**Data extract**
•••••
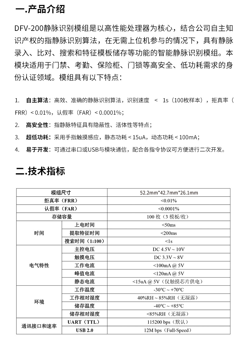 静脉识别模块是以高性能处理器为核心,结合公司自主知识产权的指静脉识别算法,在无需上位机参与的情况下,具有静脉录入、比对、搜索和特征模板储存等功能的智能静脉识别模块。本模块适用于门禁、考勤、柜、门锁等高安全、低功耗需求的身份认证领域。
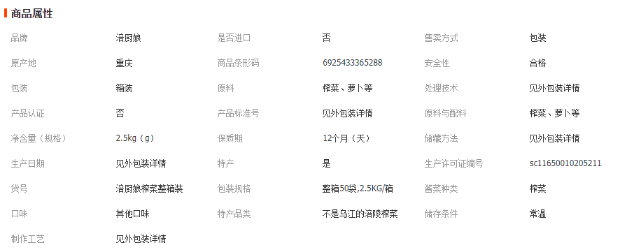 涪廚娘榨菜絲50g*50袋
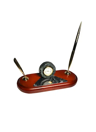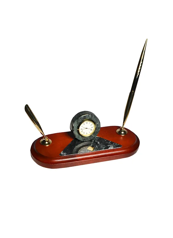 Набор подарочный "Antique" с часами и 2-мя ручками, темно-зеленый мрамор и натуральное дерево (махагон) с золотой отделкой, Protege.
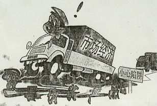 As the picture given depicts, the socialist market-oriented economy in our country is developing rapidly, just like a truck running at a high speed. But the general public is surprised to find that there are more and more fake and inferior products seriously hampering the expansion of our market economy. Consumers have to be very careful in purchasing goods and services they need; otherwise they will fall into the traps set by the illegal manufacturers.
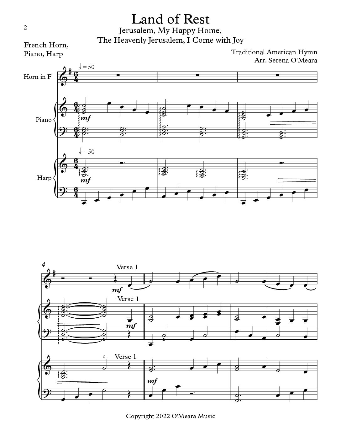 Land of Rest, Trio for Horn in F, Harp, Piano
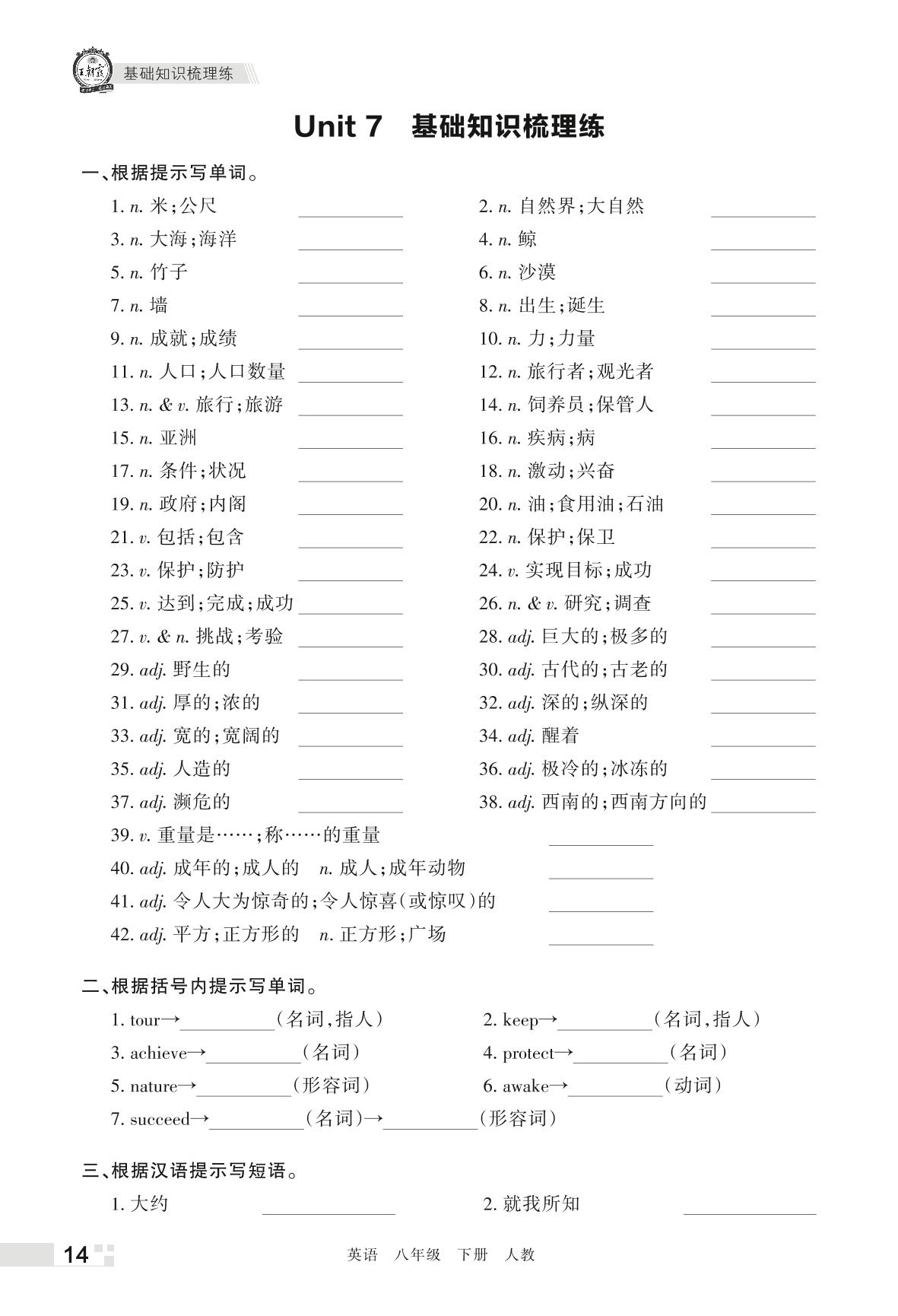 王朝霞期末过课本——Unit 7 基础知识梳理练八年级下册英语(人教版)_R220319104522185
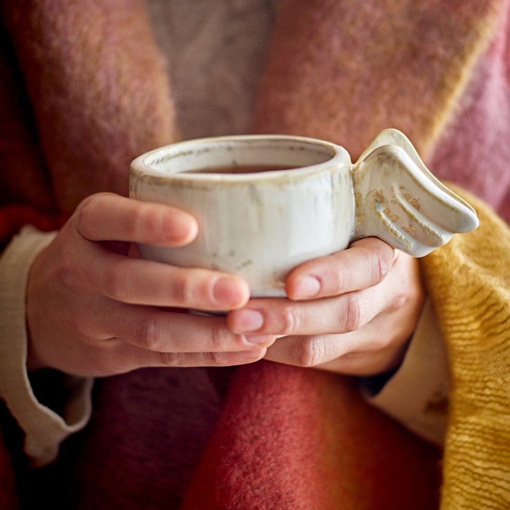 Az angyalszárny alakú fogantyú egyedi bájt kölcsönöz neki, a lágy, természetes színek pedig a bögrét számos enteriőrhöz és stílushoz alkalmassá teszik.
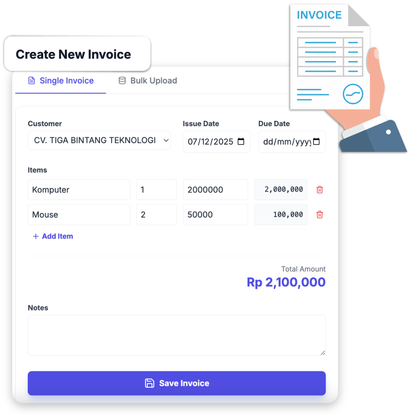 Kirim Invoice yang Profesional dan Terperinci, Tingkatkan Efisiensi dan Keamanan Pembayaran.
•••••
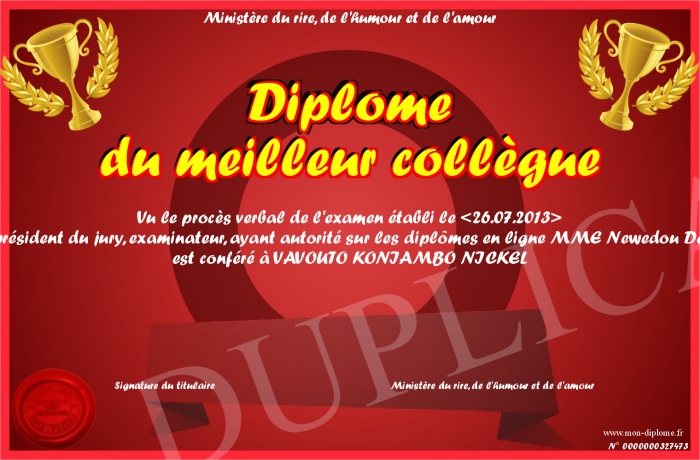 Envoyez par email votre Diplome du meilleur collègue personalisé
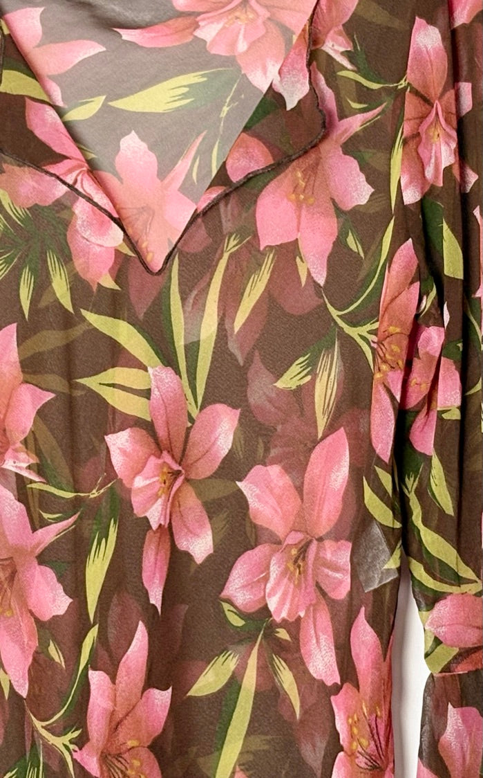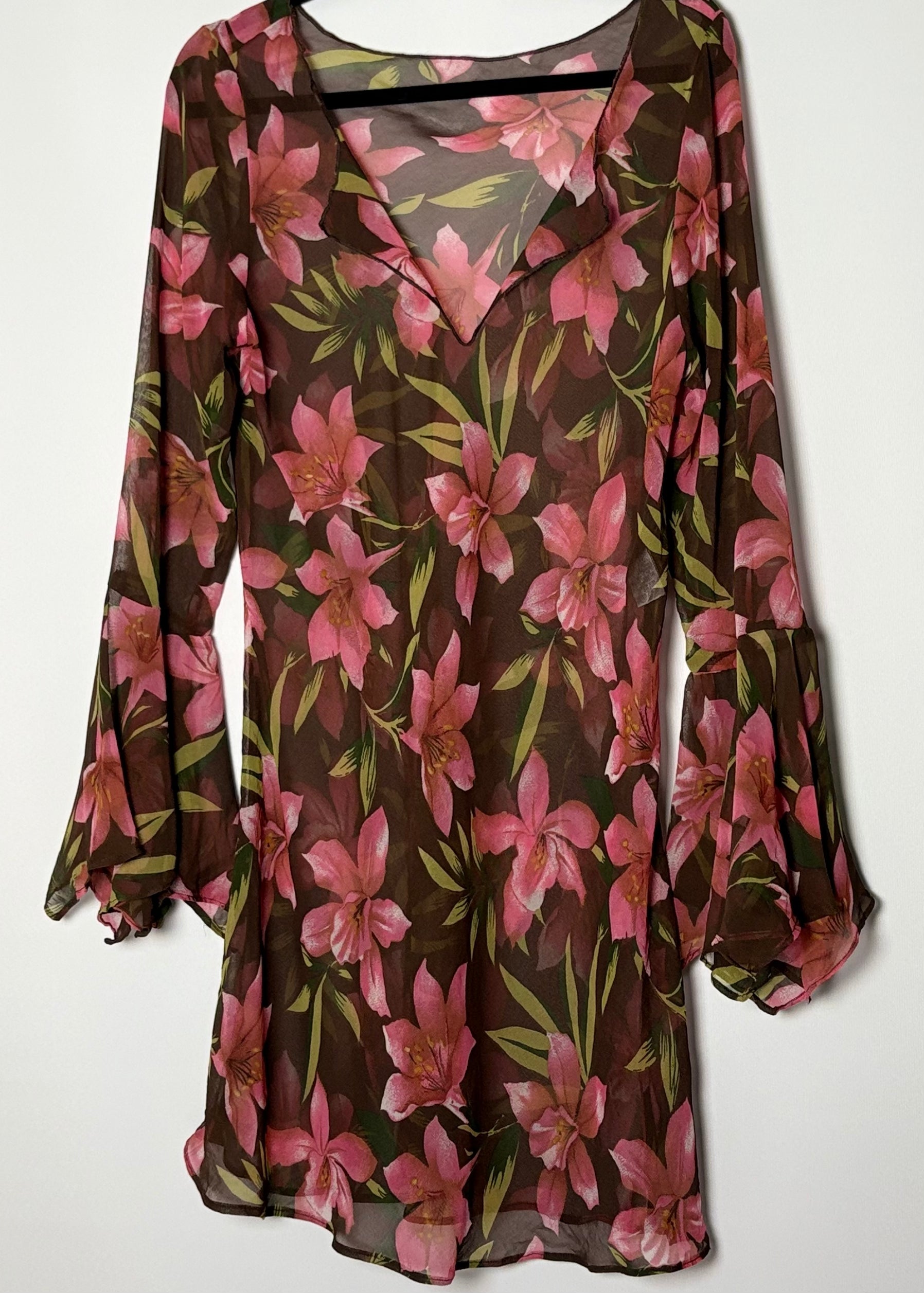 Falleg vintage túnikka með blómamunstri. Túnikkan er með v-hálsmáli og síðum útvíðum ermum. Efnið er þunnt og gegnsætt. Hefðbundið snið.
•••••
**Aim of the task**
Starting at the line above that contains "涪廚娘榨菜絲50g*50袋", transcribe every line exactly through the line that contains "Kirim Invoice yang", including that last one, and skip the pictures.

**Written response**
 涪廚娘榨菜絲50g*50袋
 Набор подарочный "Antique" с часами и 2-мя ручками, темно-зеленый мрамор и натуральное дерево (махагон) с золотой отделкой, Protege.
 As the picture given depicts, the socialist market-oriented economy in our country is developing rapidly, just like a truck running at a high speed. But the general public is surprised to find that there are more and more fake and inferior products seriously hampering the expansion of our market economy. Consumers have to be very careful in purchasing goods and services they need; otherwise they will fall into the traps set by the illegal manufacturers.
 Land of Rest, Trio for Horn in F, Harp, Piano
 王朝霞期末过课本——Unit 7 基础知识梳理练八年级下册英语(人教版)_R220319104522185
 Az angyalszárny alakú fogantyú egyedi bájt kölcsönöz neki, a lágy, természetes színek pedig a bögrét számos enteriőrhöz és stílushoz alkalmassá teszik.
 Kirim Invoice yang Profesional dan Terperinci, Tingkatkan Efisiensi dan Keamanan Pembayaran.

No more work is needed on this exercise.